***** DATA TO USE *****

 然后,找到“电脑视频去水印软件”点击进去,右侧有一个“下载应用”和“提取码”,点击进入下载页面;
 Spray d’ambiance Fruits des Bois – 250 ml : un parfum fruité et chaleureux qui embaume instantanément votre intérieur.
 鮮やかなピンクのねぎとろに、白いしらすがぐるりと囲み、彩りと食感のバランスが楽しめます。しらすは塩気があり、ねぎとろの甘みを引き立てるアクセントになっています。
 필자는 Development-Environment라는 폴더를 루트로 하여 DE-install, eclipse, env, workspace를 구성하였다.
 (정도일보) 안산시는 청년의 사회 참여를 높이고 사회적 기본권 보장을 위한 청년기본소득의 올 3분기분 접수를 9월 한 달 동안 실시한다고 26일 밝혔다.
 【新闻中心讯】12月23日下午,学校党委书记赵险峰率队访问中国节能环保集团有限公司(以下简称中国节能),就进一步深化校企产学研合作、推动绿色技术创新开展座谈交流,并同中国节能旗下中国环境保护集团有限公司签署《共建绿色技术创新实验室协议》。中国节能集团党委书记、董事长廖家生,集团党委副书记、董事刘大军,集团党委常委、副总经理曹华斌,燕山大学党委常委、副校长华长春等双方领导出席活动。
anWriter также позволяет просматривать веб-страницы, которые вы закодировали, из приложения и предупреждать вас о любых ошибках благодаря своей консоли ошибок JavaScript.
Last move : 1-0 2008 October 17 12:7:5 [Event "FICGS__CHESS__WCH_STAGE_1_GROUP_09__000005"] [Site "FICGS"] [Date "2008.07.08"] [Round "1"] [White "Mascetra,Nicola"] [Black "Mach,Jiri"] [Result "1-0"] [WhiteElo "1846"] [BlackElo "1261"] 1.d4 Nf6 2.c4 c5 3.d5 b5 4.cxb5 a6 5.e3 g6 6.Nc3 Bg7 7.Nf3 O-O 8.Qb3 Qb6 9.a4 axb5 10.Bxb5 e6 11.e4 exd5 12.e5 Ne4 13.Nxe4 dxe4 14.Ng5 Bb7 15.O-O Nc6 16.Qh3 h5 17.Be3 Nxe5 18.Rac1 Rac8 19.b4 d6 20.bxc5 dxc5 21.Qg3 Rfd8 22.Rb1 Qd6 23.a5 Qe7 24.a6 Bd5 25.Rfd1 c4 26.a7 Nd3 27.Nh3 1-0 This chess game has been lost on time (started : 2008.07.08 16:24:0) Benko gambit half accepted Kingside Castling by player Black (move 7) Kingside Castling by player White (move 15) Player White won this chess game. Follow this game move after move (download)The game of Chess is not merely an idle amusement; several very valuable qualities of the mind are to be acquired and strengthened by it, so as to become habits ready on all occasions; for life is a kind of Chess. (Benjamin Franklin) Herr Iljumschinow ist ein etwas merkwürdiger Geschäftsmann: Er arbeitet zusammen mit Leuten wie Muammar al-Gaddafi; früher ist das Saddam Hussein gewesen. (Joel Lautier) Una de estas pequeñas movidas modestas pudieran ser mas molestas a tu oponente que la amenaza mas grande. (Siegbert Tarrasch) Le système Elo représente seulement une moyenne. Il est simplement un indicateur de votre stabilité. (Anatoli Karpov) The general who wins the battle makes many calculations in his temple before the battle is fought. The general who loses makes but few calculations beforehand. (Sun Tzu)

*****
***** DATA TO USE *****

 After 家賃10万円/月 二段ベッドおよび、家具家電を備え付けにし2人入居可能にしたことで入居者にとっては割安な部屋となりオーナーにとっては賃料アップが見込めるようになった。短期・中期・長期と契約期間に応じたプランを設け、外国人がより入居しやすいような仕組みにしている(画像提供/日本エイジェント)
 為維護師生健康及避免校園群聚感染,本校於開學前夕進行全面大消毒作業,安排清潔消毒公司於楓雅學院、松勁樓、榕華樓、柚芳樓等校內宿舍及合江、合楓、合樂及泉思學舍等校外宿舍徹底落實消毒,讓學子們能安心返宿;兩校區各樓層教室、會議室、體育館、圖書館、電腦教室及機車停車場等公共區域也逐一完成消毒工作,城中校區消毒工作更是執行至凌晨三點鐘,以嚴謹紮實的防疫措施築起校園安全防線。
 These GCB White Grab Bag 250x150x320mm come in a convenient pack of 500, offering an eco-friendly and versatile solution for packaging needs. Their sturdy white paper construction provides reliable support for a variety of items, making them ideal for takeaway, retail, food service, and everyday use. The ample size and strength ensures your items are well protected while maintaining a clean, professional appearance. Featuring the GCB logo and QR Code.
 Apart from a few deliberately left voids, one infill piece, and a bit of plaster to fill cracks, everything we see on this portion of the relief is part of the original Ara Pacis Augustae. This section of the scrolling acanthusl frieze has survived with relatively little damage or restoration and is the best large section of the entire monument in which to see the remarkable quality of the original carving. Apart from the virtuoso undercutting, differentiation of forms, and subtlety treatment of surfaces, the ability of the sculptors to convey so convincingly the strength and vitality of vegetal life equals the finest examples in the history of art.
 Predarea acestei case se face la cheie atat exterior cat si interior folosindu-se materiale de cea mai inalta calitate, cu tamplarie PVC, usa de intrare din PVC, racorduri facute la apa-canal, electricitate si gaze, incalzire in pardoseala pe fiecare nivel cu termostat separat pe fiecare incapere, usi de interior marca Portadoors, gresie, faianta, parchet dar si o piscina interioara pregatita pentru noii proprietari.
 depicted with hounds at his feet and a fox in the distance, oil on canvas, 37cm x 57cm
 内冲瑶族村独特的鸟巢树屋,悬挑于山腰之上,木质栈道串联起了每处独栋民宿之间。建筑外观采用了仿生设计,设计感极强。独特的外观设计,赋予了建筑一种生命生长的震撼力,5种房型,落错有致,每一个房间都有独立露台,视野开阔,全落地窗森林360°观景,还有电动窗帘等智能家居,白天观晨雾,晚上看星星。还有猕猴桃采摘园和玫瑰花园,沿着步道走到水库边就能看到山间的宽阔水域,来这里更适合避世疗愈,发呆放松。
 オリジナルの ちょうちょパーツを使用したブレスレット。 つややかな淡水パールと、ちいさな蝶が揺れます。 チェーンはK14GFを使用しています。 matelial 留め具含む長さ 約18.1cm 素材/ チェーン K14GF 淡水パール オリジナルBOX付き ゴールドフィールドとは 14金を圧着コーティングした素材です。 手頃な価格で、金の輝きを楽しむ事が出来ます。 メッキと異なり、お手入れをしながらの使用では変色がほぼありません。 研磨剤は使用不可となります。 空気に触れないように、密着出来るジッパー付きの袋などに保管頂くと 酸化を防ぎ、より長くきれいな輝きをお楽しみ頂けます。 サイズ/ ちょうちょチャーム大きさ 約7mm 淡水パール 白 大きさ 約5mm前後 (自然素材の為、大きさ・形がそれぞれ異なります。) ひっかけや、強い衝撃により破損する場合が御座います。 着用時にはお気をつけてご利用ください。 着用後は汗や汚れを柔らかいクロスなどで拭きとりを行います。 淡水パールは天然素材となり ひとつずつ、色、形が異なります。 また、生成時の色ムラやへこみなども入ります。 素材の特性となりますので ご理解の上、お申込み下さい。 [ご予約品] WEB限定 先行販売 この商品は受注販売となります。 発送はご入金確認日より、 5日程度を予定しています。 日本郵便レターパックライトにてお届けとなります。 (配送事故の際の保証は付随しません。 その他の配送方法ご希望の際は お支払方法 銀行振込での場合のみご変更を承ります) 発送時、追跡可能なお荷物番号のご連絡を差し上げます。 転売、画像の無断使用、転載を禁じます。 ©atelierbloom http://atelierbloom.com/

*****
***** DATA TO USE *****

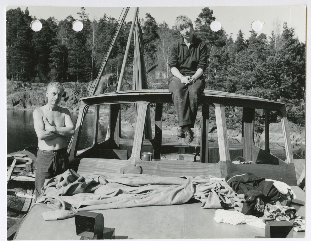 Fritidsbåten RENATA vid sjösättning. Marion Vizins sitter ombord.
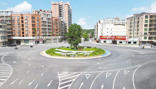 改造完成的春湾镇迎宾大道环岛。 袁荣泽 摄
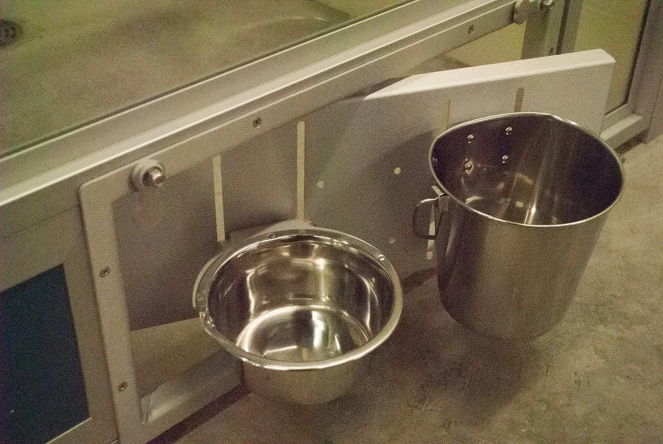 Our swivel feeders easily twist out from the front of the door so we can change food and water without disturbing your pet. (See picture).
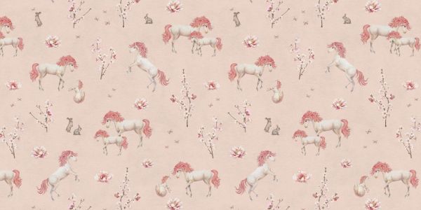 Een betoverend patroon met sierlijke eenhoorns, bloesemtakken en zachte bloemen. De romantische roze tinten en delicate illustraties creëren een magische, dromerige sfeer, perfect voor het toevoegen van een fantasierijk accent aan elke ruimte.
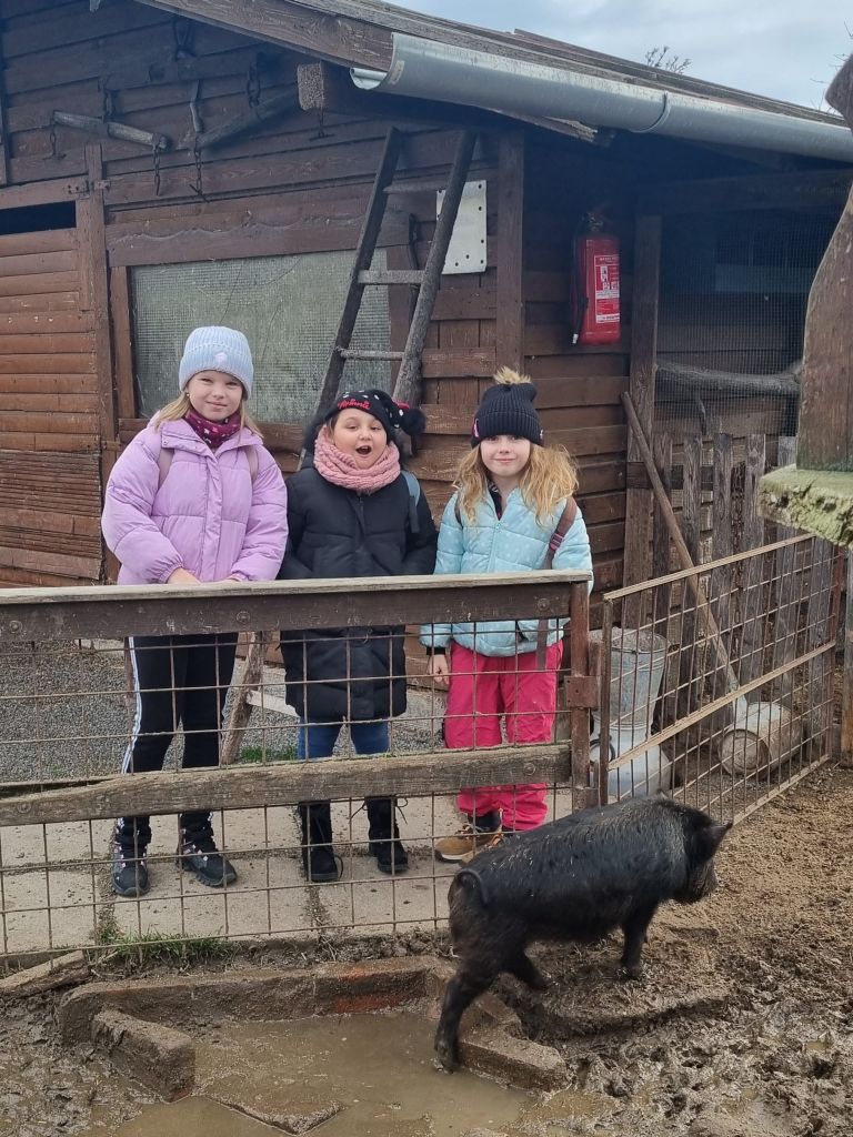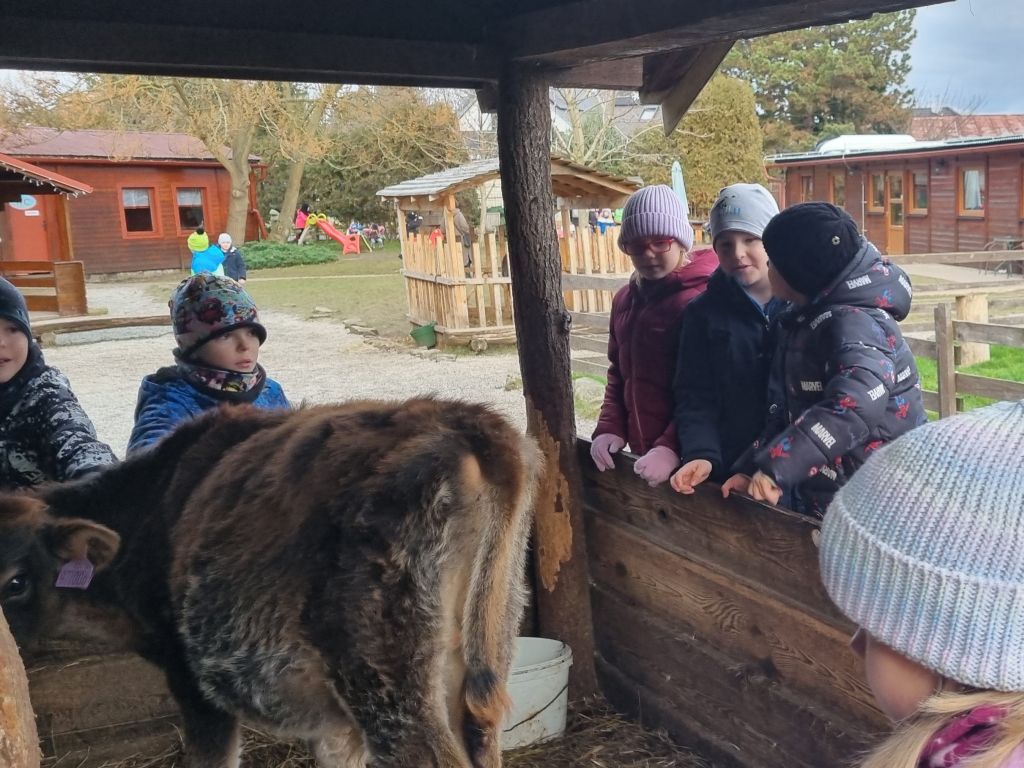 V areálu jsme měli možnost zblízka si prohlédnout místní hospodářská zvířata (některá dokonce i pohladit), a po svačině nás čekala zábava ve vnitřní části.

*****

→ **REQUIRED WORK**: Only one stretch of the material above is wanted: the line containing "Our swivel feeders" through the line containing "V areálu jsme". Restate it word for word, minus the pictures.

→ **RESPONSE TO THIS TASK**:
 Our swivel feeders easily twist out from the front of the door so we can change food and water without disturbing your pet. (See picture).
 Een betoverend patroon met sierlijke eenhoorns, bloesemtakken en zachte bloemen. De romantische roze tinten en delicate illustraties creëren een magische, dromerige sfeer, perfect voor het toevoegen van een fantasierijk accent aan elke ruimte.
 V areálu jsme měli možnost zblízka si prohlédnout místní hospodářská zvířata (některá dokonce i pohladit), a po svačině nás čekala zábava ve vnitřní části.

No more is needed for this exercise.